This is not what the people want, writes Gab Sutton.

The people want unpredictability: the Champions League is successful because of relatively low-budget clubs like Benfica, Celtic, Ajax, Nottingham Forest, Steaua București, Red Star Belgrade, Porto, Borussia Dortmund and Atletico Madrid over the years thriving against the odds.

By having a closed shop, with €3.5 billion given to founder clubs, these stories are not possible in the ESL, which massively limits the competitions appeal.

Not only that, with the “Big Six” gaining sums of money well above what is due to the rest of the English top flight, the division will cease to be competitive.

For that reason, the Premier League must gain a backbone and kick out Manchester City, Manchester United, Liverpool, Arsenal, Tottenham and Chelsea.

With talk of players who participate in the ESL being banned from international competition, it looks as though the PL will have the mandate to take tough action against those breaking away.

In that scenario, those clubs are unlikely to accept operating in a lower league and could cease to compete domestically.

That prospect prompts a clear sense of anger among fans of elite clubs.

Liverpool supporters conveyed their feelings by unfurling a banner implying the death of the club, with the picture liked over 20,000 times.

Chelsea fans, meanwhile, will protest outside Stamford Bridge on Tuesday and negative reactions are all over social media.
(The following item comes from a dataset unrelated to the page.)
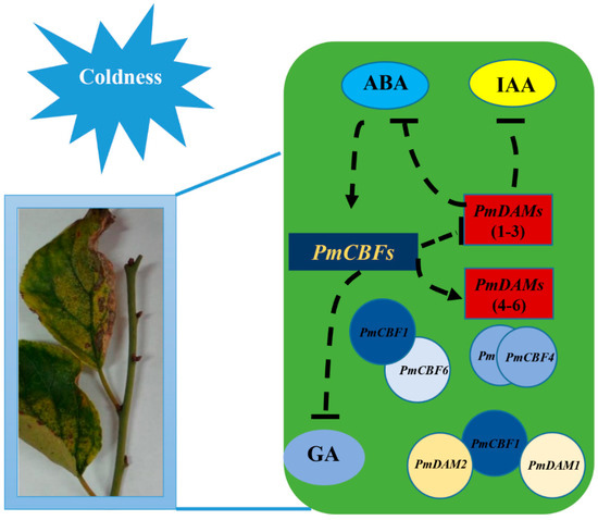 The correlation matrix displayed the whole interaction among genes and hormones (Figure 5B). PmCBF1–3 displayed an obvious negative correlation with PmDAM1–3 and PmCBF4–6 showed a significant positive correlation with PmDAM4–6. IAA negatively correlated with PmDAM1–3. In contrast, the other genes seem not to relate with IAA. GA3 was negatively controlled by two types of genes, especially PmCBFs. PmCBF1–3 were positively correlated with the expression of ABA, and PmDAM1–6 performed antipodally with ABA. The relative low values in correlation might infer the indirect regulation model for PmCBFs and PmDAMs.
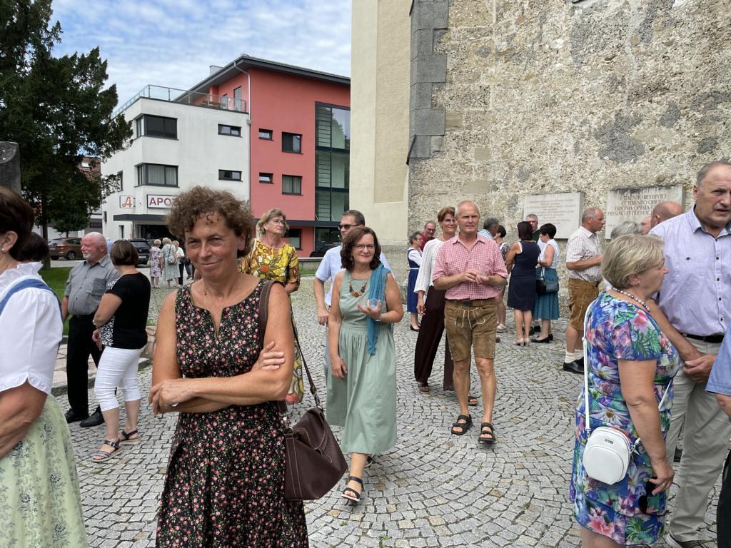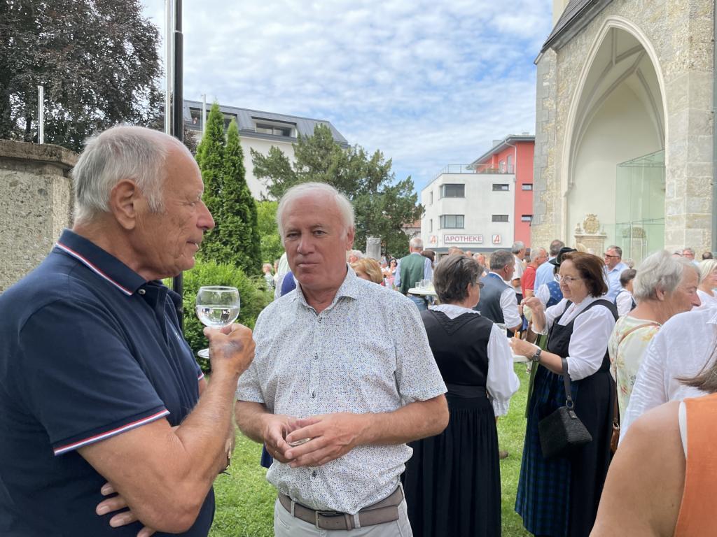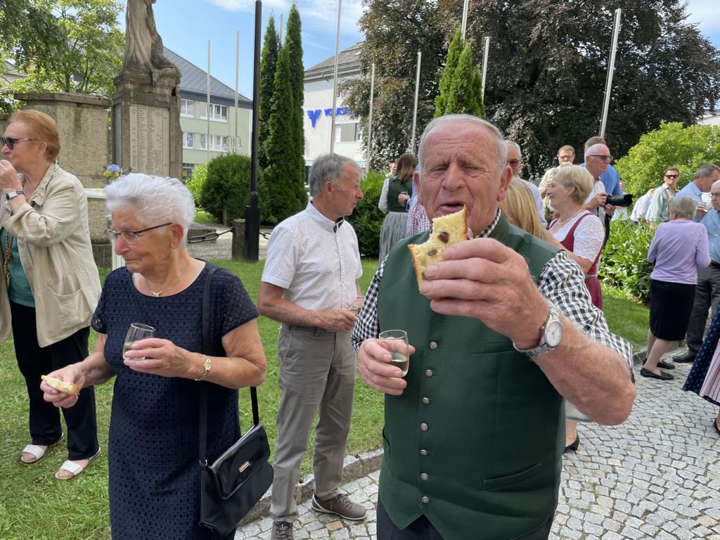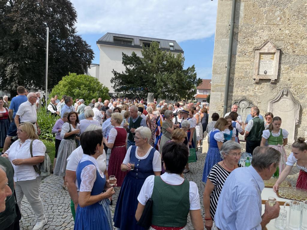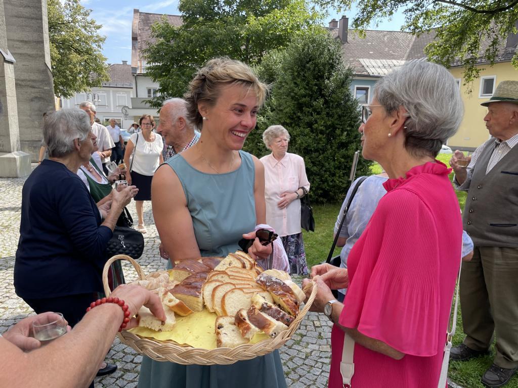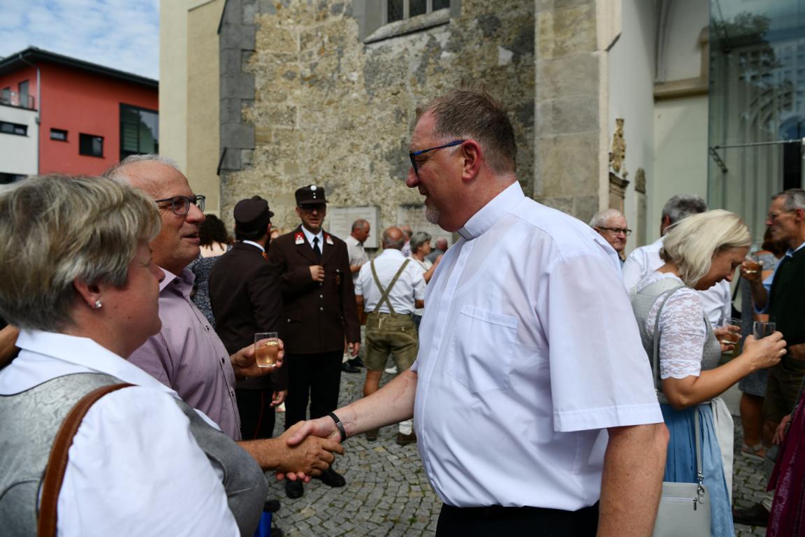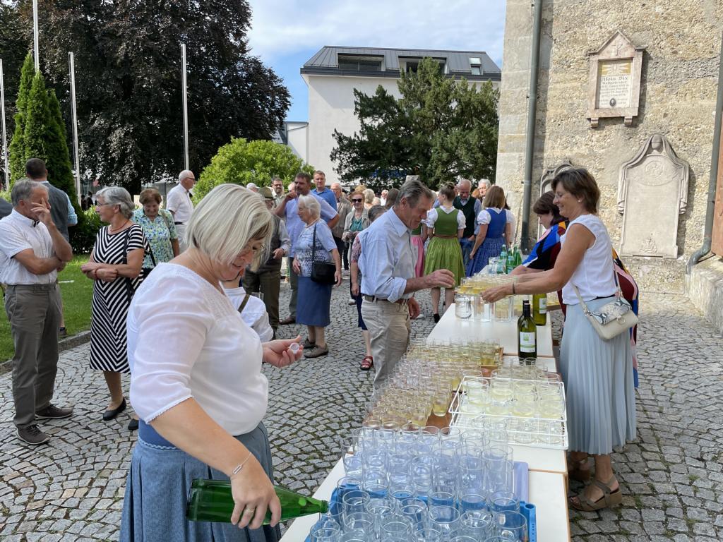 Nach dem Gottesdienst hatten noch alle vor der Kirche bei einer Agape Gelegenheit, auf Wiedersehen und Adieu zu sagen. Dazu kamen auch die Marktmusikkapelle, die Prangerschützen mit einem Ehrensalut, die Landjugend, Abordnungen der Goldhaubenfrauen, der Pensionist/-innen und der Feuerwehr und ganz viele Vöcklamarkter/-innen und Pfaffinger/-innen. Allen war es ein wirkliches Anliegen, dem verehrten Herrn Pfarrer Dank auszudrücken und für die Zukunft alles Gute zu wünschen.

Widespread anger will turn to apathy if the ESL goes ahead and that is expected, given that the owners of the clubs were anticipating bad PR when the news was announced.

In fact, an unnamed chairman commented that the primary aim was to increase revenue and that the wider interests of football are “secondary”.
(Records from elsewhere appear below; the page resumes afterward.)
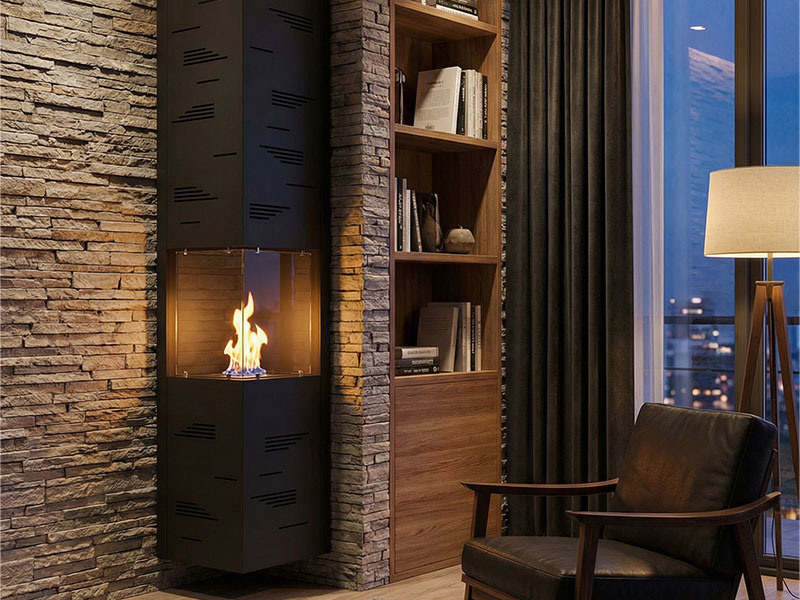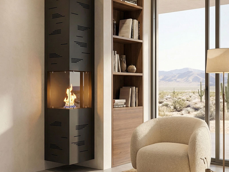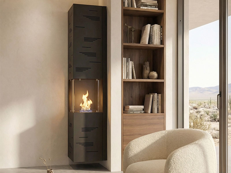 Tower es una biochimenea de pared di facile installazione che si fissa al muro o al cartongesso tramite tasselli.
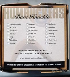 **SPEDIZIONE INCLUSA** Vendo humbucker Bare Knuckle Black Dog finitura Zebra, avvolto a mano e Made in UK! Completo di scatola originale e certificazioni. Classico suono vintage del PAF ma come sotto steroidi. Magneti in Alnico V e 9.4 kΩ di output. Per altre foto o info contattatemi. NO SCAMBI
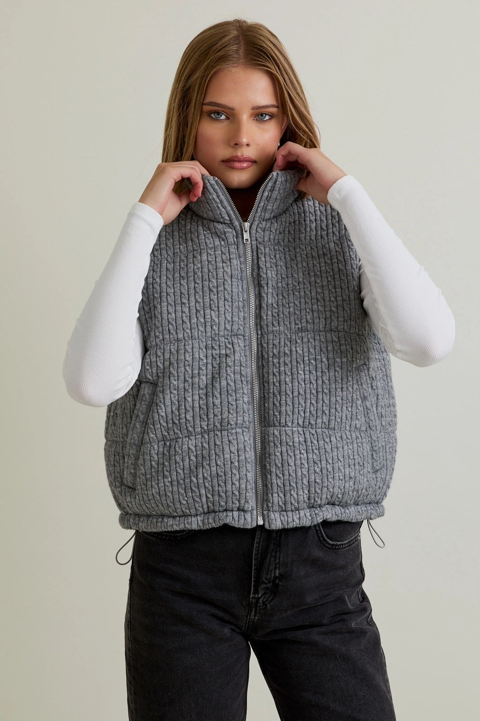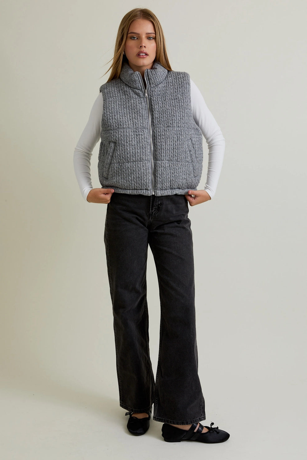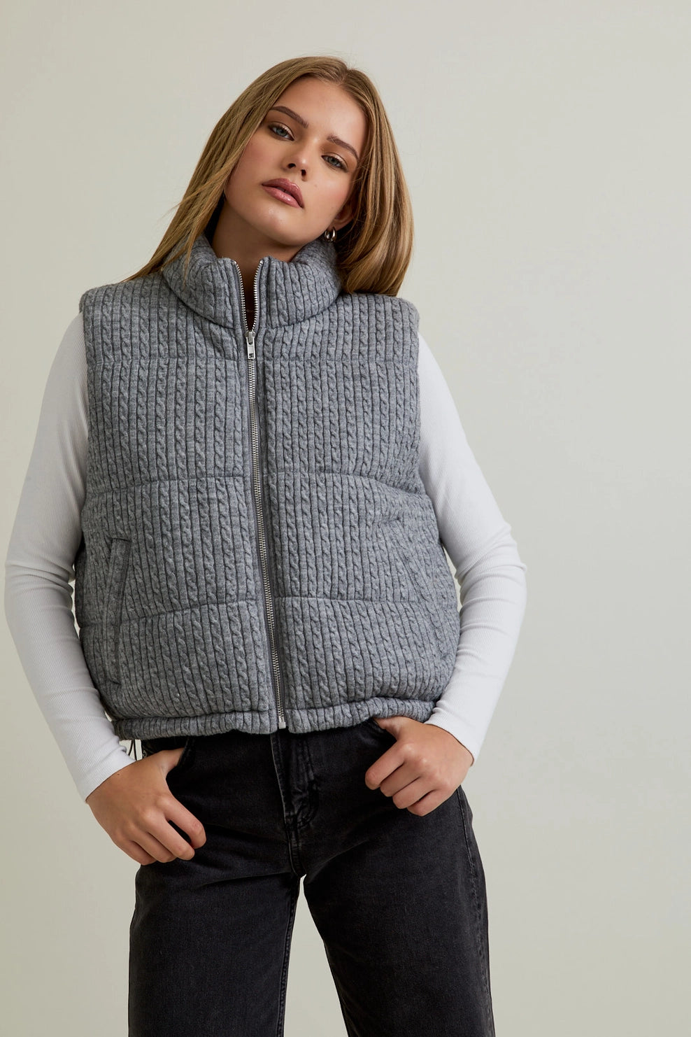 Stay warm and stylish with the 61 Jane Knit Puffer Vest. Featuring a zippered front and convenient pockets, this vest combines practical warmth with easy access for essentials. Its knit fabric adds a cozy texture that complements any outfit, making it the perfect layering piece for cooler days. Elevate your outerwear with this versatile vest designed for comfort and functionality.
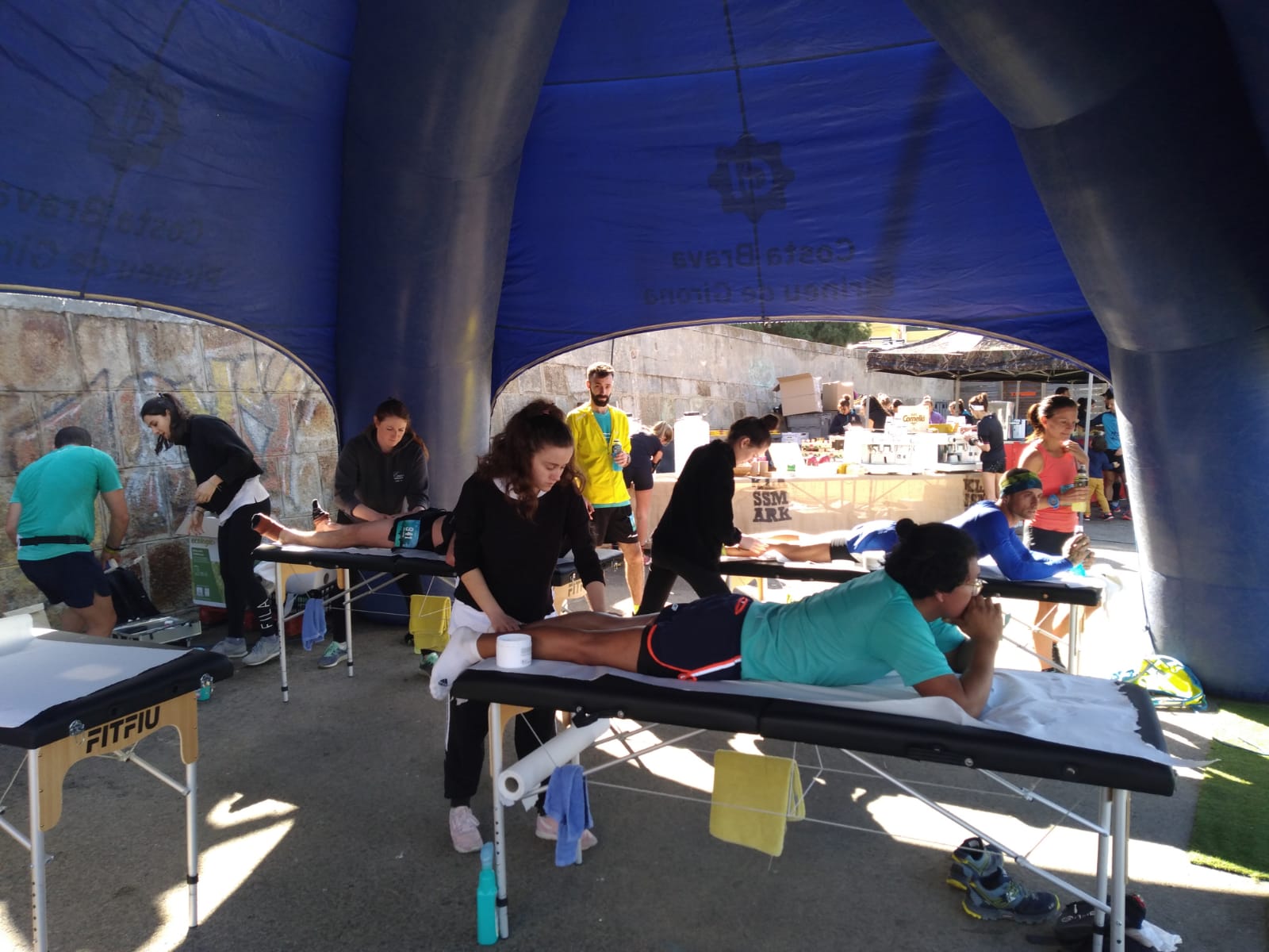 Sota la tutorització del fisioterapeuta d’EUSES Alumni Sebas Fidalgo, els estudiants del Grau en Fisioteràpia Karell Mestrallet, Léa Tagliante, Salomé Khaitrine i Victoria Talou van realitzar tècniques de recuperació muscular (essencialment massatges i estiraments) en la zona d’arribada als participants que van prendre part en una nova edició del Trail Costa Brava, que va tenir el centre neuràlgic a la platja de Palamós. Els corredors i corredores van poder escollir entre tres recorreguts:  l’express (13 quilòmetres i 350 metres de desnivell), el trail (22 quilòmetres i 800 metres de desnivell) i el més exigent, el Marathon (43 quilòmetres i un desnivell de 2.100 metres).

Those words represent a hollow kind of change from elite clubs telling fans how important they are, whilst coincidentally asking them for money for tickets and merchandise, but they also had a numbing effect.

Whereas before, fans could turn a blind eye to the greed in the game, the issues are now so stark, so obvious, so hurtful, they are impossible to ignore.
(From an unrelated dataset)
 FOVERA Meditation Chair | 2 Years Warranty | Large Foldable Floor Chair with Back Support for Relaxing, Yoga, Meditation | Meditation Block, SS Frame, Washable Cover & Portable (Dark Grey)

That, though, might not be exclusively a bad thing.

The issues we are facing now are not new, rather the scale at which they are seen and felt is.

This gives fans a platform to fight back in a way we have never done collectively before, because the wealthy do not truly control football, they merely perpetuate the illusion of control.

The real power belongs to the people and if we, as supporters, vote with our feet, there is no money in the ESL: there would be no ticket revenue and no viewing figures, meaning TV companies could not afford to show the competition while sponsors would have to protect their image by backing out.

In boycotting the ESL, fans who are disillusioned with their club can not only take power away from the wealthy but give power to those who need and deserve it.

Swap the ‘S’ for an ‘F’ and you have three wonderfully unpredictable divisions which have so much appeal.

The EFL provides swansongs for international legends like Wes Hoolahan, but also produces the future stars of this country like Max Aarons and Kiernan Dewsbury-Hall.

It is tantalizingly unpredictable, evidenced by League Two’s bottom side Grimsby outplaying third-placed Bolton last Saturday, or Burton going from being eight points adrift of League One survival in January to safe by mid-April.

The EFL gives us top managerial talents like Daniel Farke, Michael Appleton and Michael Duff, as well as box-office veterans like Neil Warnock and Mick McCarthy, while John Coleman’s Accrington Stanley continue to thrive in League One by plucking gems from the non-league market.

This is a world in which Lincoln City could achieve second-tier football for the first time in 60 years, a world in which low-budgeted Barnsley can press teams into submission and one in which Bolton could be 19th as recently as January, before shooting up League Two to become prime promotion contenders.

The constant chaos of the EFL is a joy to follow and lower down the pyramid, there is even more to appreciate.

Volunteers who chip in for love, owners who remember fans names, managers who chat to natives in bars for which queues are of reasonable length, standing areas within centimetres of the pitch, where you can smell the grass, hear the grunts, sing and shout without reproach and be immersed in the game at an affordable price.

Those kinds of experiences are wonderful but, until now, not enough people have enjoyed them.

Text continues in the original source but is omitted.